Как почти всегда, Деррида ввел очень удачный термин, только вот дал ему совсем неверное определение. Он – как явствует из названия его книги – говорит о марксизме и его судьбе после краха коммунизма. Мол, СССР нет, коммунистическая идеология дискредитирована, но призрак ее все время будет беспокоить мир, беспокоить в своем, так сказать, присутствующем отсутствии -- или отсутствующем присутствии, как и положено призраку мертвого существа. В последующие годы словечко вышло из поля разговоров о марксизме и переместилось в общекультурный западный контекст, оказавшись наиболее уместным в поп-культуре, точнее – в рассуждениях о таковой. Всё, абсолютно всё, связанное с последней модой на заброшенные дома, на странные ландшафты, на идиотскую старую музыку, вроде группы “10 CC”, или на звучание советской эстрады 1980-х (вам ничего такое родное не слышится в мелодиях недавних опусов Леди Гага? В саунде последнего альбома Franz Ferdinand?), на вечно стоящий под парами стимпанк, на псведостарые фото, на многое другое, подается в упаковке «хонтологии», этой, по выражению философа Колина Дэвиса, «замены первичности бытия и присутствия фигурой призрака как чего-то такого, что и не присутствует, и не отсутствует, не мертво и не живо». Собственно, вместо назойливого «призрака коммунизма» нам предлагают «призрак прошлого», который и не здесь (ибо прошлое кончилось), и здесь (ибо оно мучает нас своим отсутствием). Все эти заброшенные ландшафты, мутные фотографии, мерзкие звуки ископаемых советских синтезаторов улавливают нас в сеть беспокойства, которое кажется чисто историко-культурным (сродни ностальгии, но летучее ее, легче, невещественнее), но в конце концов оборачивается сильнейшей психологической травмой, выхода из которой нет, ибо все идет по кругу – то есть, мы, завороженные, будто дети из Гамельна, крысоловом–призраком какой-то прошлой, уже не принадлежащей нам жизни, нарезаем круги вокруг того, что кажется нам самым важным: «я», «реальности» или любой другой сомнительной и недоказуемой религиозной или философской концепции. Литератор, блогер и культуролог Эндрю Гэлликс замечает (цитируя Марка Фишера): «ничто более не умирает, все ”возвращается на Youtube или в издания ретроспективных бокс-сетов”, будто закольцованное, повторяющееся время травмы». Странно, что практически никто из прокуроров и адвокатов «хонтологии» не использовал слово «история».

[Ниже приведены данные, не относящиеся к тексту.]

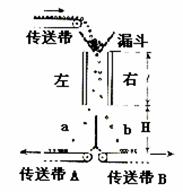 25.(22分)下图是某种静电分选器的原理示意图。两个竖直放置的平行金属板带有等量异号电荷,形成匀强电场。分选器漏斗的出口与两板上端处于同一高度,到两板距离相等。混合在一起的a、b两种颗粒从漏斗出口下落时,a种颗粒带上正电,b种颗粒带上负电。经分选电场后,a、b两种颗粒分别落到水平传送带A、B上。

«История» и есть тот самый призрак, что мучает нас -- по крайней мере, поколенчески и географически (и отчасти социокультурно) ограниченных «нас». «Советская ретромания» -- одна из местных разновидностей «хонтологии», а все эти sovietlife.ru  и прочее бессмысленное трехкопеечное разлюли есть постсоветский стимпанк. «Советского» больше нет, но, став призраком, оно все время мучает, часто посещает, назойливо звучит в ушах, привязывается и не дает покоя. Его больше нет, но своим отсутствием оно есть – и дразнит. Неуничтожаемая сила этого призрака в том, что для части населения земного шара «история» (то есть, то, к чему мы имеем «эмоциональное отношение») исчерпывается исключительно «советским», и других призраков в головах этих людей (нас, между прочим) не водится.

Вот поэтому я и не хочу посещать свой родной город. Ничего там такого, «моего» уже нет, но попасть туда значит включиться в это самое закольцованное, повторяющееся время травмы, увидеть огромный призрак, встающий над бывшей галантерейкой на улице Лескова, ощутить странное беспокойство по поводу того, что запах во дворе университетского истфака все тот же самый: гнилое дерево, пыль, табак со вкраплением жарящегося на каком-то говне лука. Только то дерево давно сгнило, та пыль осела в гумус, тот бычок распался на атомы, те щи давно съедены. Но призрак грошовой советской жизни здесь – и поделать с этим унылым русским стимпанком ничего нельзя, кроме разве что попытаться представить самого себя «призраком», увидеть, что на месте «я» совершенно ничего нет. И тогда печальные ландшафты хонтологии рассыплются, открыв прекрасное, чистое, безмерное пространство небытия, нирваны.